Because of their popularity, specific breeders have created various “morphs”, or color generations for their snakes. Some of the pink morphs include the coral glow morph, the fire ivory morph, and the mystic potion morph. The more vibrant the morph is, the more expensive and rare the snake will be.
Florida Crowned Snake
As their name suggests, Florida Crowned Snakes are found all across the state of Florida. They are small and vibrant in color and non-venomous. This is rare as most brightly colored amphibians and reptiles are poisonous.
These snakes can grow to about 22 centimeters and are very slender. They are usually red or pink and often have brown or black rings around their heads. Their bellies are a solid pink or white. They are commonly found in deep, underground burrows.
Worm Snakes are small bi-colored snakes found throughout the United States and Southern Canada. They are noticeable because of the defined line between their black backs and pink bellies.
Spotting these beauties is rare because they spend most of their time sheltered under leaves and rocks. They live in woodland areas and take great care to stay hidden.
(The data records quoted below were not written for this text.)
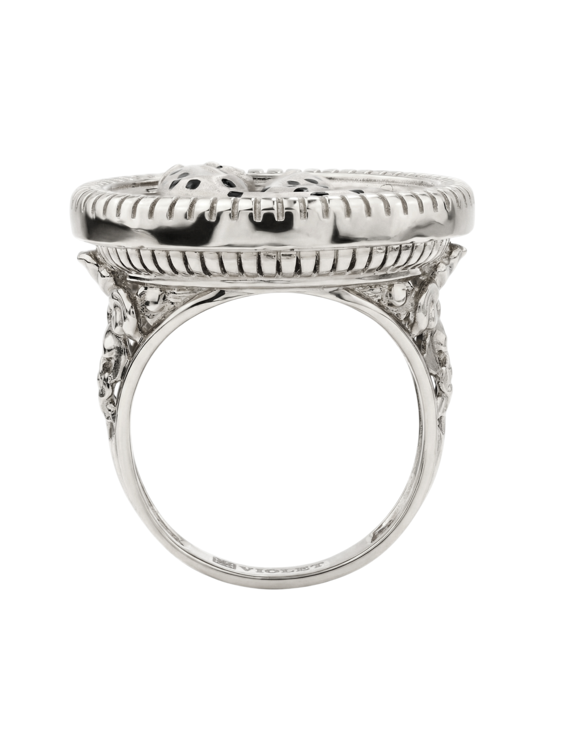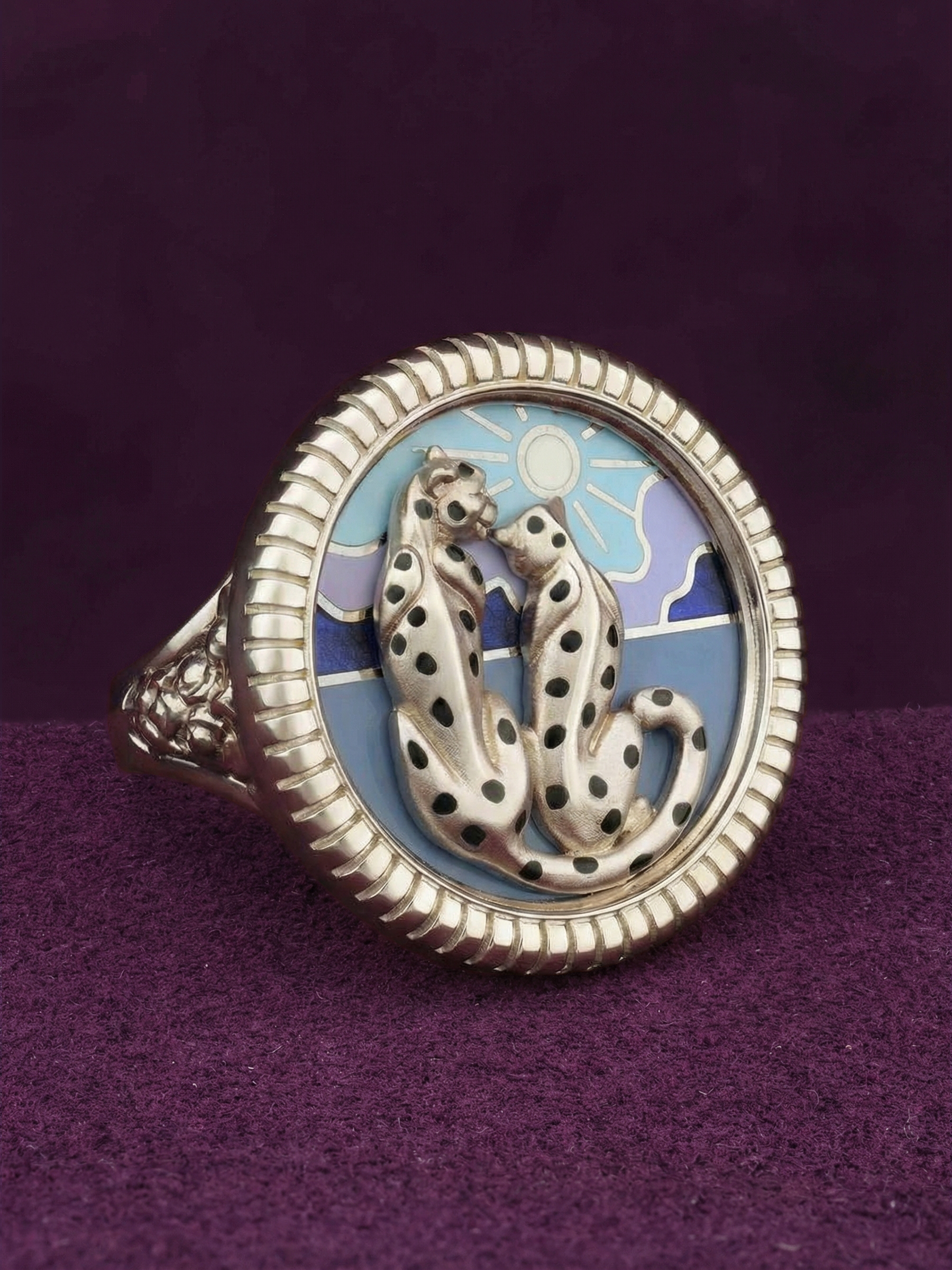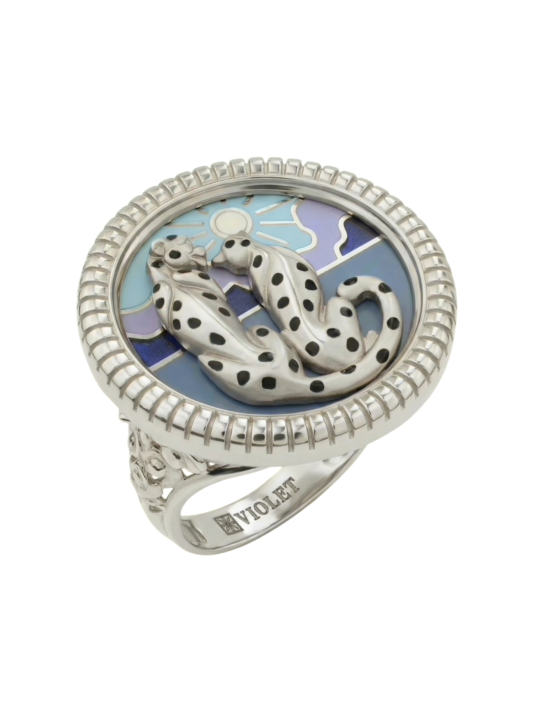 Кольцо из белого золота 585 пробы из коллекции De luxe Premium — Леопарды — рассвет и закат — это воплощение ювелирного искусства, созданное для тех, кто ценит эстетику и смелые художественные решения. Центральным элементом украшения выступает искусная миниатюра с изображением грациозных леопардов, выполненная с использованием яркой разноцветной эмали. Детализированный дизайн передает всю динамику и пластику этих диких кошек, превращая аксессуар в настоящий арт-объект на вашем пальце.
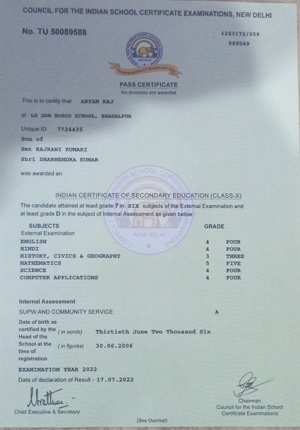 | Grade : A | Percentage : 83.25 % | MS. No. : 26408 | Date of Issue : 30-Aug-2023 |
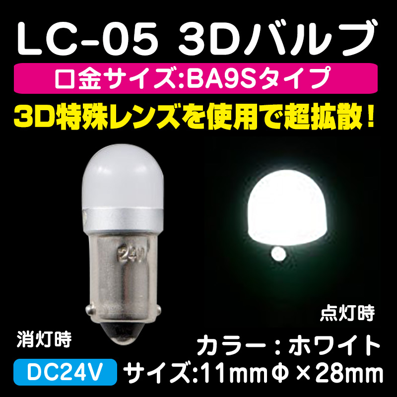 【24V専用】LC-05 BA9Sタイプ 3Dバルブ ※角マーカー/パイロット球サイズ 【カラー:ホワイト】
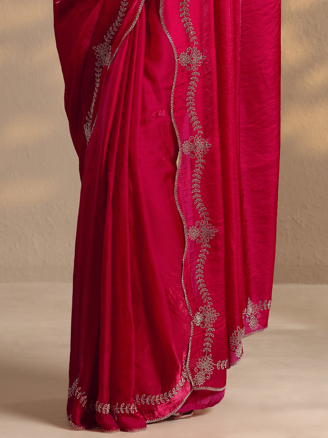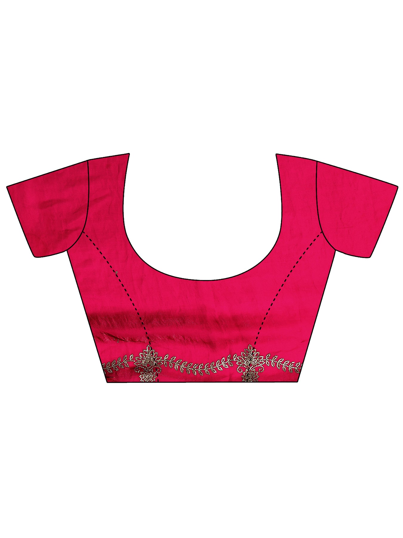 Our magenta silk blend saree features captivating solid. Complemented with an unstitched blouse piece. This charming saree is perfect for festive wear.
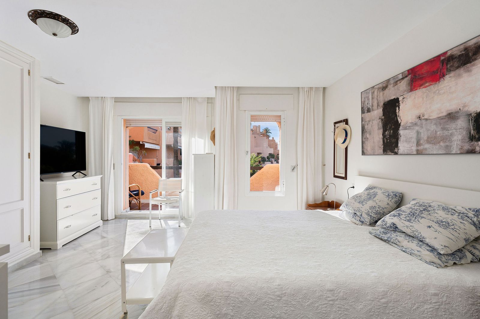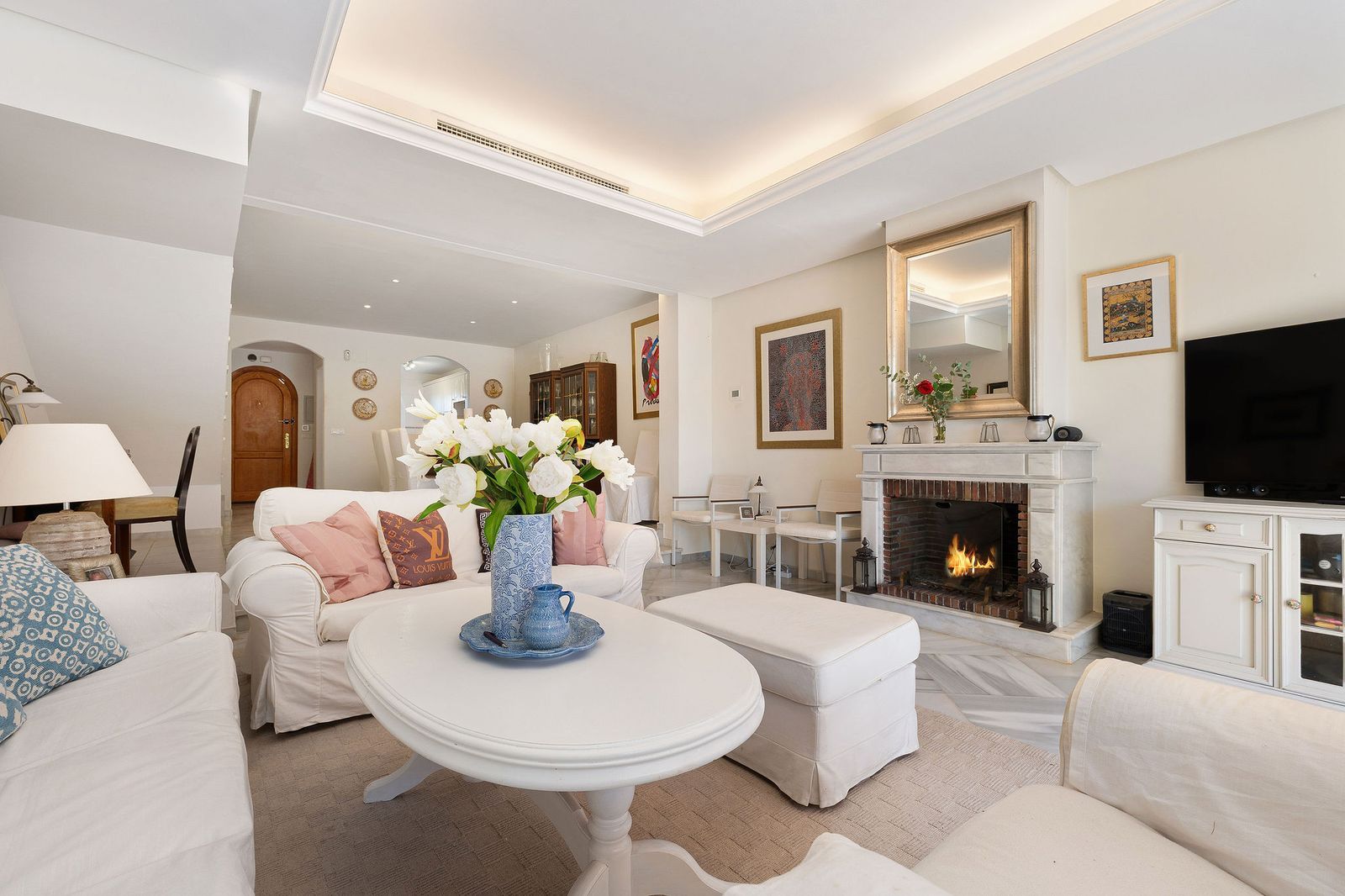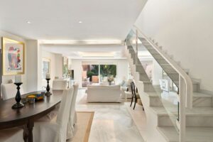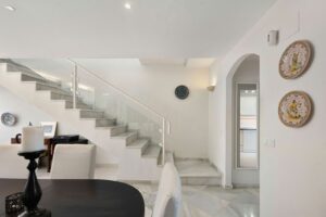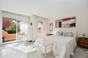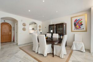 This well presented three-bedroom townhouse spans three spacious levels, combining comfort, space, and a great location in the heart of Nueva Andalucía. A wide selection of restaurants, cafés, bars, and boutiques are within walking distance, while Puerto Banús, sandy beaches, and renowned golf courses are just minutes away. The main floor features a well-sized kitchen with a separate utility room and a split-level dining and living area with an open fireplace. Doors lead to a private terrace with direct access to the communal gardens and swimming pool. All three generous bedrooms have private terraces. The top-floor suite stands out with a large private terrace and an additional terrace with built-in BBQ and open garden views — perfect for outdoor dining and entertaining. Additional features include a private driveway, spacious garage, three en-suite bathrooms, and a guest wc. Located within the sought-after El Palmeral community of just 46 townhouses, residents enjoy two swimming pools, a heated outdoor jacuzzi, sauna, gym, and beautifully maintained gardens in a secure and peaceful setting. A superb opportunity to own a large home in one of Marbella’s most desirable areas.
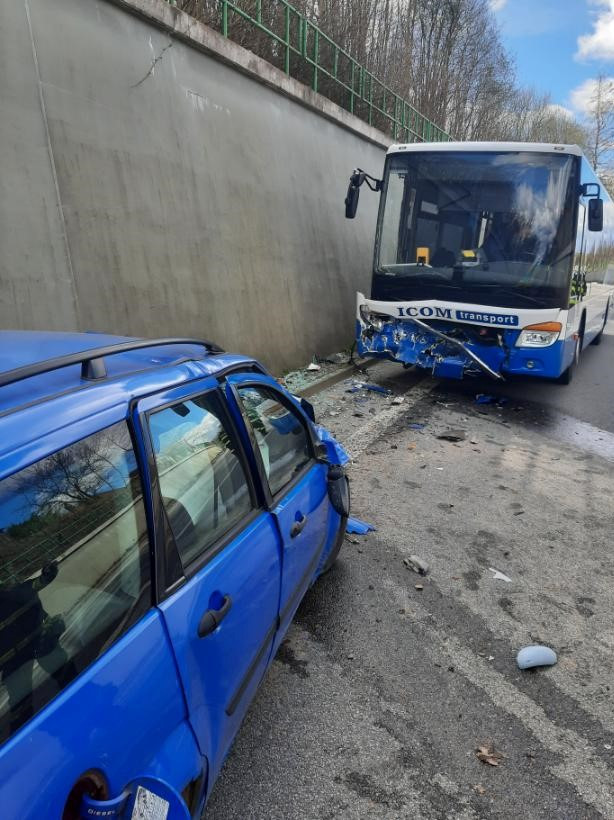 FOTO: U Řehořova se srazila řidička s autobusem, ve kterém jelo 39 cestujících. Čtyři lidé se zranili

Pink Rattlesnakes are just one coloring of the more general Rattlesnake species found in North-Central Mexico and the Southwestern United States. They are sometimes referred to as the Green Rattlesnake or the Blue Rattlesnake depending on their coloring and where they live.
The pink variety of this rattlesnake is specifically found in the Davis Mountain region of Southwest Texas. They are pink or purple and often have faded black patterns along their backs.
Learn more about how pigments change the coloring of snakes
In Summary – Are Pink Snakes Real?
Yes, pink snakes are real! Due to their varying degrees of rarity, it may be tricky to find a pink snake in the wild. If you’re fortunate – or unfortunate, depending on your point of view – you may be able to spot one in your backyard, on a trip, or in a zoo.